*WHAT THE EXERCISE ASKS*:
All lines from the top of the records below through the line holding "हलधरमऊ के बरांव", and only those, should be printed exactly, minus the pictures.

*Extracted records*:
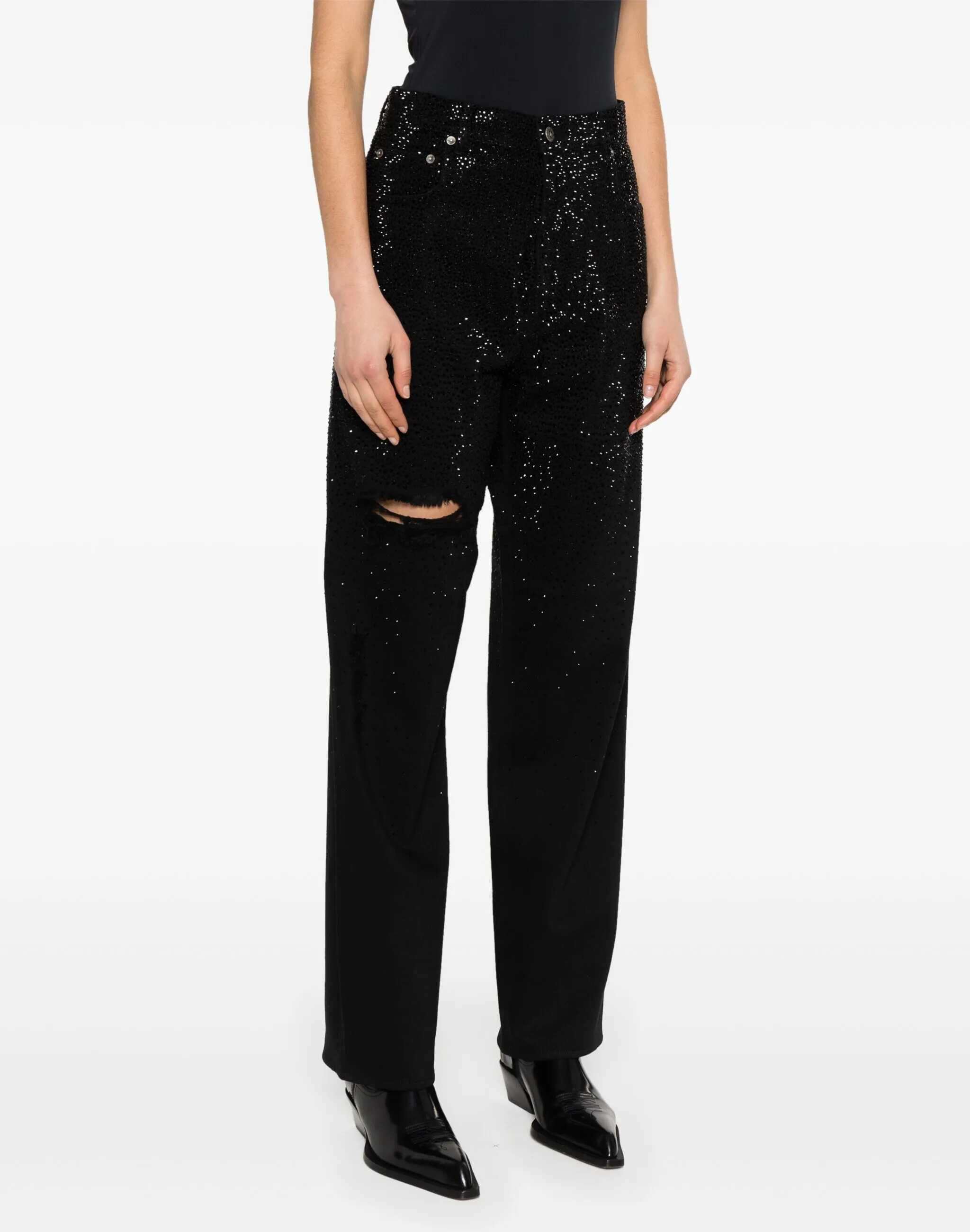 Cotton Kim Pants by Golden Goose, featuring a low-waisted five-pocket design, a front button and zipper closure, waistband loops, an iconic branded signature leather patch with press-stamped applique at the back, a monochrome pattern with all-over shiny moniline details, a frayed cut-out detail at the front panel, and a regular fit.
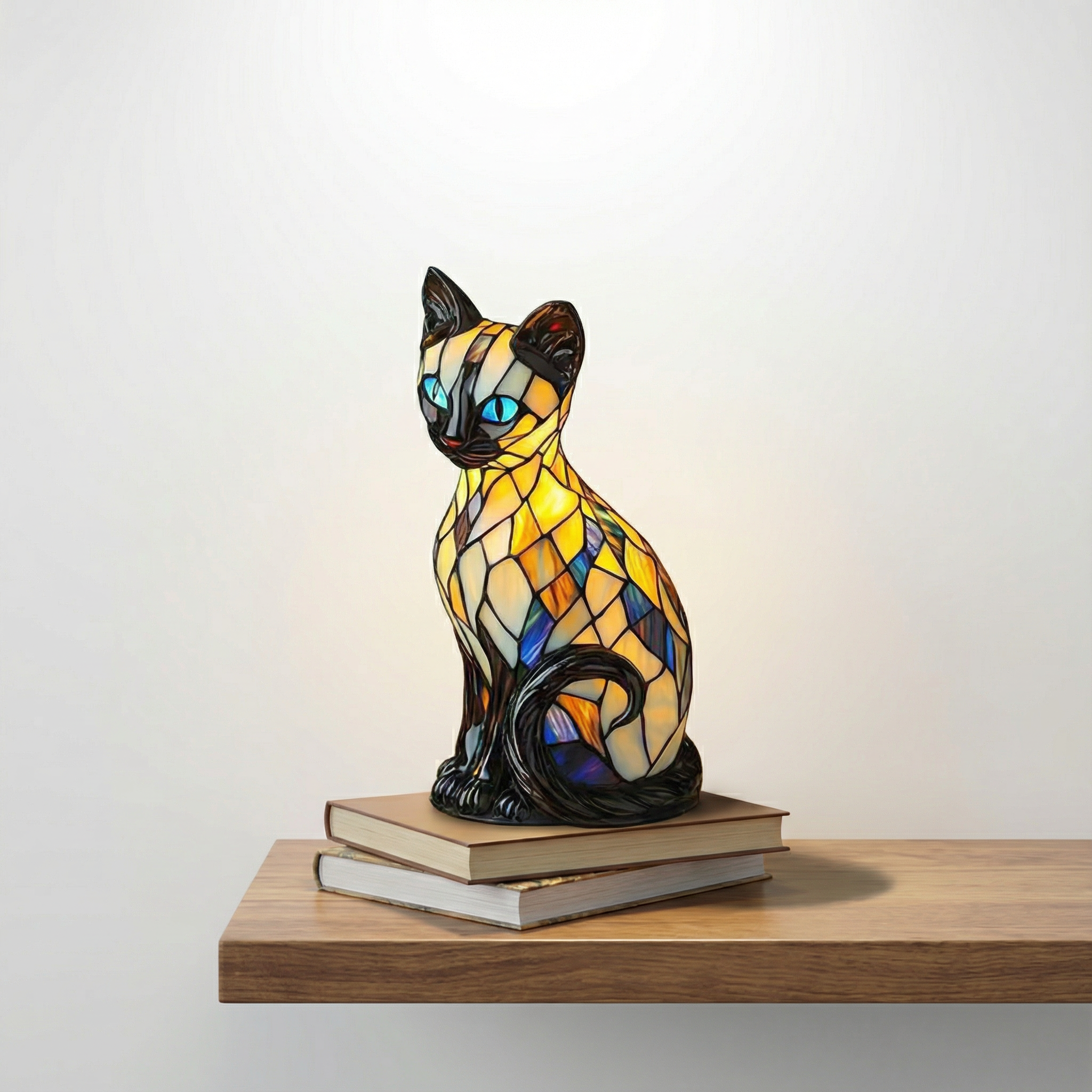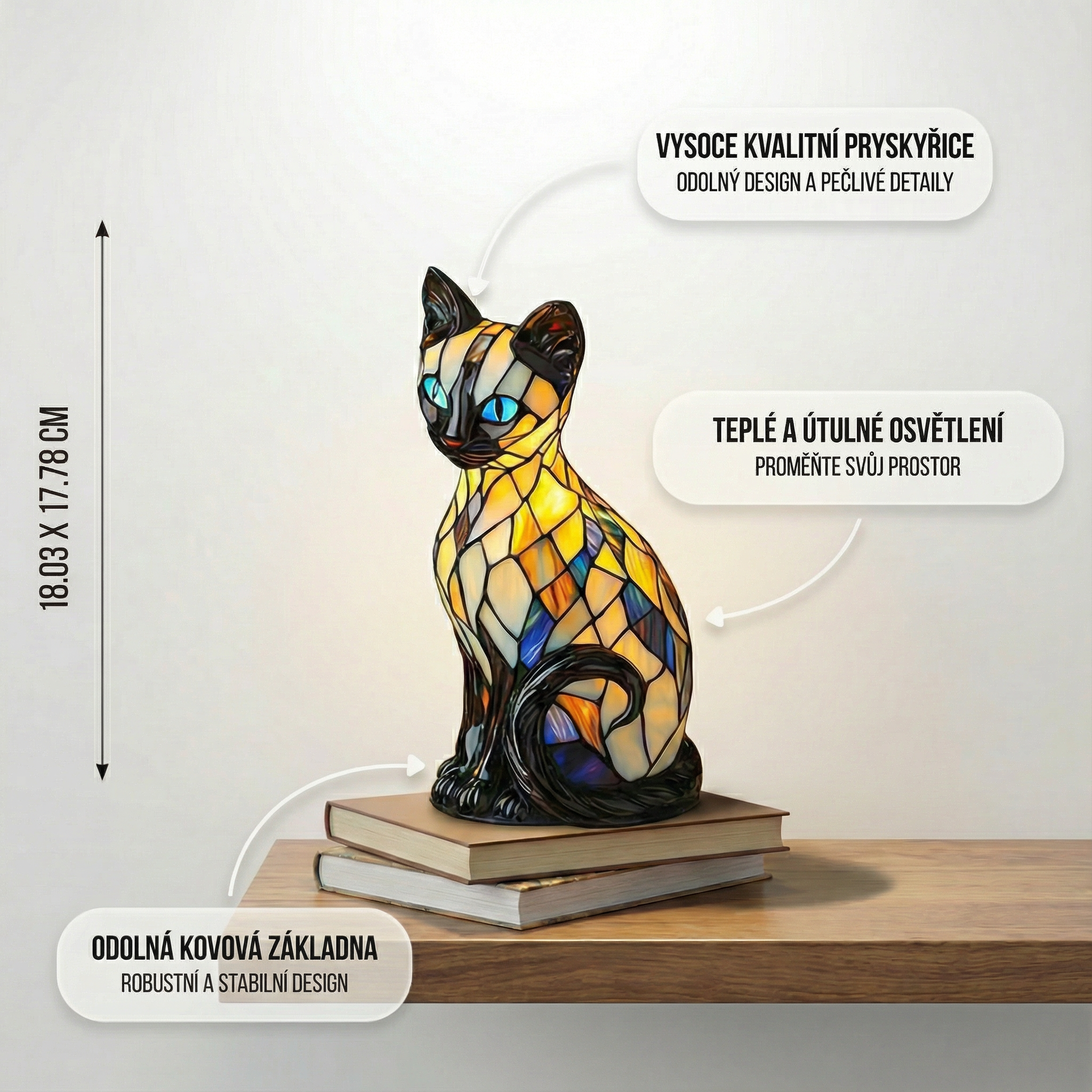 A Mystic Cat lámpa tökéletes kiegészítője mindazoknak, akik fel szeretnék dobni otthonukat. Élénk ólomüveg színeivel vidám, merész és egyedi hangulatot teremt. A lámpa lágy és nyugtató fényt bocsát ki, amely bármely sarkot elegánssá és hangulatos hellyé varázsol. Kompakt méretei ideálissá teszik éjjeliszekrényre, komódra vagy bármilyen más helyre, amelyet fel kell dobni.
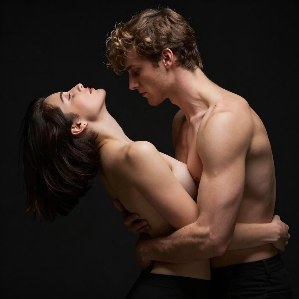 A couple dancing, backlit. Woman with curly brown hair, black dress, black high heels. Man with long brown hair, beige jacket, black pants. She leans back into him, his hands on her hips, hers on his. Vertical black shadow in center. Intense, defined expressions. High contrast lighting.
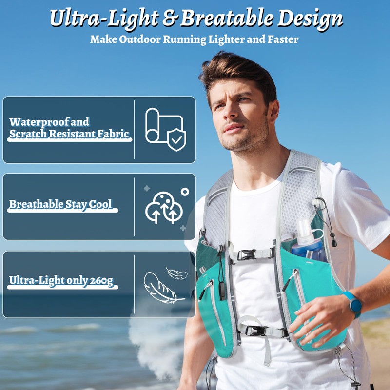 • Versatile use: the Zounich running vest adapts seamlessly to any outdoor activity: from city running to trail marathons. The lightweight design with ergonomic adjustment straps ensures comfort with every move, while the durable, water-repellent material protects the vest from moisture and wear and tear. Equipped with multiple pockets for quick access to drinks, snacks, it is an indispensable companion for all outdoor activities.
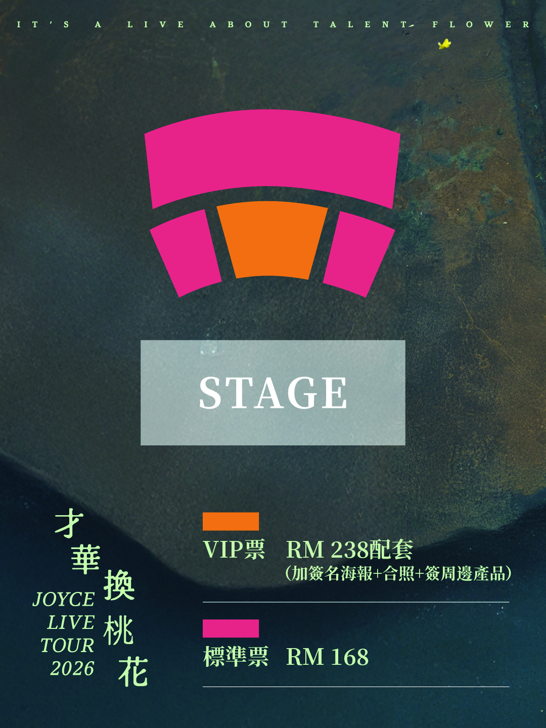 2025 年,髮行首張個人創作專輯《才華換桃花TALENT FLOWER》, 在颱灣開唱獲得不俗茴香。這次決定跨前一步,到馬來西亞🇲🇾 辦 馬來西亞第一場個人專場,將最真誠的JOYCE 就以斯的音樂呈現給馬來西亞樂迷!
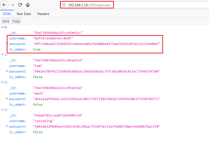 As you can see, we have hit the jackpot this time! We can see some username and password hashes on the identified URL, but all of them are normal users because is_admin is showing false.
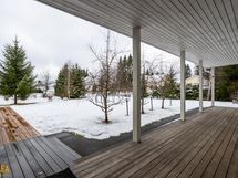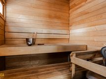 Lisäksi pihalla arkkitehtoninen ja tyylikäs pihasauna, joka on suunniteltu vaativalle nautiskelijalle. Reilun kokoinen ja huoliteltu terassi yhdistää saunan ja porealtaan yhdeksi selkeäksi alueeksi.
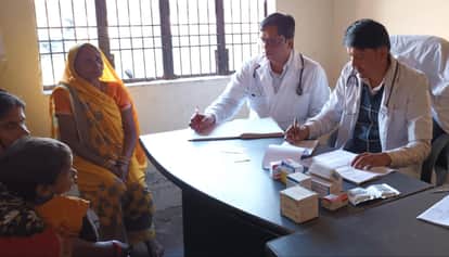 हलधरमऊ के बरांव पीएचसी में मरीजों का इलाज करते आयुष चिकित्सक। - संवाद
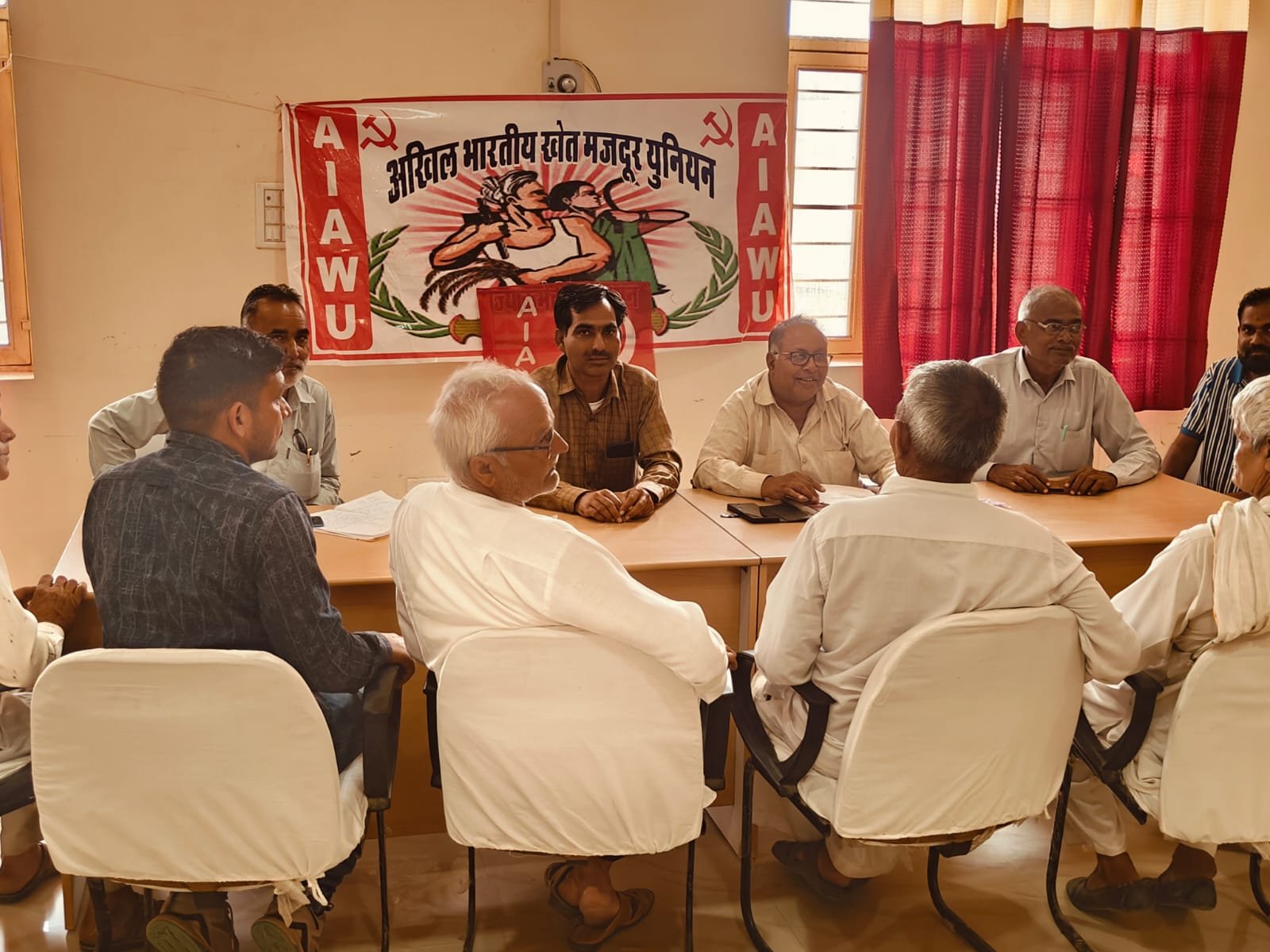 अखिल भारतीय खेत मजदूर यूनियन के जिला सचिव कुंदन लाल ने प्रेस बयान कर जारी कर बताया कि आज अखिल भारतीय खेत मजदूर यूनियन जिला कमेटी की मीटिंग पूरण सिंह शेखावत की अध्यक्षता में हुई। मीटिंग में कुंदन लाल, हेमाराम किरडोली, प्रमोद शर्मा ,पूरण सिंह शेखावत ,अशोक पेंटर , मनफूल सिंह, हरसराम ,गोपाल सिंह, बलदेव सिंह, धनाराम , घनश्याम सांखला व भंवरलाल सुंडा उपस्थित थे। मीटिंग को संबंधित करते हुए अखिल भारतीय खेत मजदूर यूनियन के राज्य अध्यक्ष राम रतन बगड़िया ने कहा कि आज डबल इंजन की सरकार ना तो बीपीएल धारकों को समय पर राशन का अनाज देती है ।और पिछले कई महीनो से सामाजिक योजनाऔ मैं मिलने वाली सामाजिक सहायता का भी राज्य सरकार ने वितरण नहीं किया है ।

*EXERCISE RESULT*:
 Cotton Kim Pants by Golden Goose, featuring a low-waisted five-pocket design, a front button and zipper closure, waistband loops, an iconic branded signature leather patch with press-stamped applique at the back, a monochrome pattern with all-over shiny moniline details, a frayed cut-out detail at the front panel, and a regular fit.
 A Mystic Cat lámpa tökéletes kiegészítője mindazoknak, akik fel szeretnék dobni otthonukat. Élénk ólomüveg színeivel vidám, merész és egyedi hangulatot teremt. A lámpa lágy és nyugtató fényt bocsát ki, amely bármely sarkot elegánssá és hangulatos hellyé varázsol. Kompakt méretei ideálissá teszik éjjeliszekrényre, komódra vagy bármilyen más helyre, amelyet fel kell dobni.
 A couple dancing, backlit. Woman with curly brown hair, black dress, black high heels. Man with long brown hair, beige jacket, black pants. She leans back into him, his hands on her hips, hers on his. Vertical black shadow in center. Intense, defined expressions. High contrast lighting.
 • Versatile use: the Zounich running vest adapts seamlessly to any outdoor activity: from city running to trail marathons. The lightweight design with ergonomic adjustment straps ensures comfort with every move, while the durable, water-repellent material protects the vest from moisture and wear and tear. Equipped with multiple pockets for quick access to drinks, snacks, it is an indispensable companion for all outdoor activities.
 2025 年,髮行首張個人創作專輯《才華換桃花TALENT FLOWER》, 在颱灣開唱獲得不俗茴香。這次決定跨前一步,到馬來西亞🇲🇾 辦 馬來西亞第一場個人專場,將最真誠的JOYCE 就以斯的音樂呈現給馬來西亞樂迷!
 As you can see, we have hit the jackpot this time! We can see some username and password hashes on the identified URL, but all of them are normal users because is_admin is showing false.
 Lisäksi pihalla arkkitehtoninen ja tyylikäs pihasauna, joka on suunniteltu vaativalle nautiskelijalle. Reilun kokoinen ja huoliteltu terassi yhdistää saunan ja porealtaan yhdeksi selkeäksi alueeksi.
 हलधरमऊ के बरांव पीएचसी में मरीजों का इलाज करते आयुष चिकित्सक। - संवाद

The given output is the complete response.